** Opening SUPPLIED INFORMATION block **

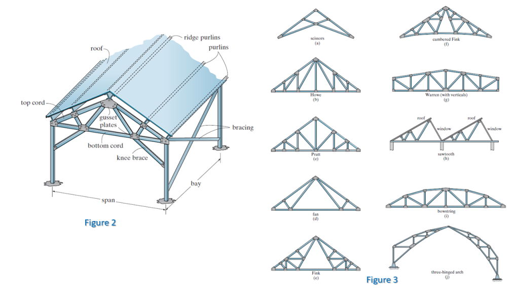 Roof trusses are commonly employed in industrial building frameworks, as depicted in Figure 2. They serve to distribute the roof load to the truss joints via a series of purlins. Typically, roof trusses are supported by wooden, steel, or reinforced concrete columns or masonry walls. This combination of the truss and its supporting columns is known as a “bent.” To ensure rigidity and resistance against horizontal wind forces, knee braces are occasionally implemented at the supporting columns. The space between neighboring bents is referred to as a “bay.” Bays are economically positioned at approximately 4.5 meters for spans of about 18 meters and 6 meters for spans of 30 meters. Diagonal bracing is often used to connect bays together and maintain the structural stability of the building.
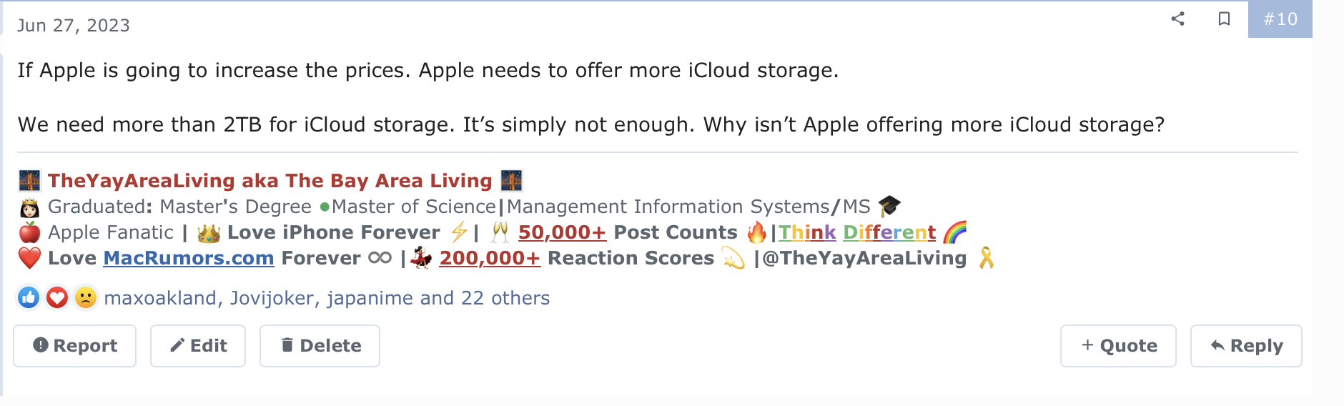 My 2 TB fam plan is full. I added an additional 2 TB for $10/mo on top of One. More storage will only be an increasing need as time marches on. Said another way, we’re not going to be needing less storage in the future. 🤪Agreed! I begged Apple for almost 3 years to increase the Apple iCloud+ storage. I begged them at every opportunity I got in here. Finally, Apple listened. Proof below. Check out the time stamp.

** Closing SUPPLIED INFORMATION block **
** Opening SUPPLIED INFORMATION block **

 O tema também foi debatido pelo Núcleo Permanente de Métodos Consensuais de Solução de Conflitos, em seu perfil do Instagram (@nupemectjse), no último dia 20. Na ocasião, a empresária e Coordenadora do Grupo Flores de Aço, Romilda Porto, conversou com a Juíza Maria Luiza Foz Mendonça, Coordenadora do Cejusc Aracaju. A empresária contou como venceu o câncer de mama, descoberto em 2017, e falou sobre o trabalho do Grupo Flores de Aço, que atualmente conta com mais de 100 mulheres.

** Closing SUPPLIED INFORMATION block **
** Opening SUPPLIED INFORMATION block **

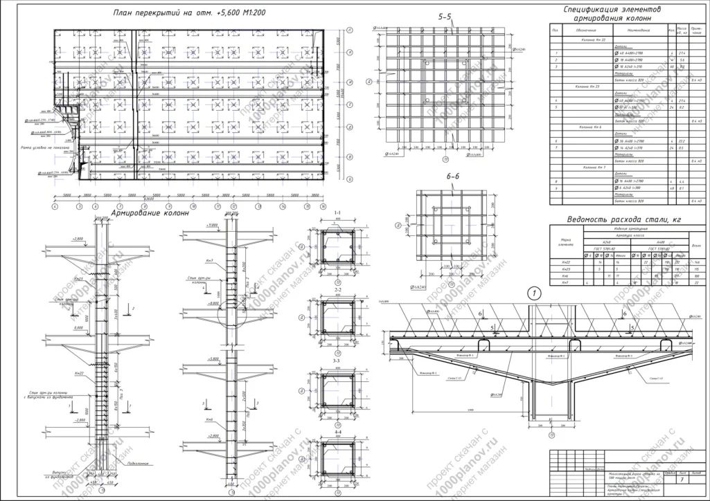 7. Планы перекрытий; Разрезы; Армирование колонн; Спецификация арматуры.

** Closing SUPPLIED INFORMATION block **

▶ [TASK INSTRUCTIONS]:
Going by the data above, the answer is exactly the lines from the one holding "Roof trusses are commonly" to the one holding "My 2 TB fam", both kept, with the pictures left out.

▶ [TASK ANSWER]:
 Roof trusses are commonly employed in industrial building frameworks, as depicted in Figure 2. They serve to distribute the roof load to the truss joints via a series of purlins. Typically, roof trusses are supported by wooden, steel, or reinforced concrete columns or masonry walls. This combination of the truss and its supporting columns is known as a “bent.” To ensure rigidity and resistance against horizontal wind forces, knee braces are occasionally implemented at the supporting columns. The space between neighboring bents is referred to as a “bay.” Bays are economically positioned at approximately 4.5 meters for spans of about 18 meters and 6 meters for spans of 30 meters. Diagonal bracing is often used to connect bays together and maintain the structural stability of the building.
 My 2 TB fam plan is full. I added an additional 2 TB for $10/mo on top of One. More storage will only be an increasing need as time marches on. Said another way, we’re not going to be needing less storage in the future. 🤪Agreed! I begged Apple for almost 3 years to increase the Apple iCloud+ storage. I begged them at every opportunity I got in here. Finally, Apple listened. Proof below. Check out the time stamp.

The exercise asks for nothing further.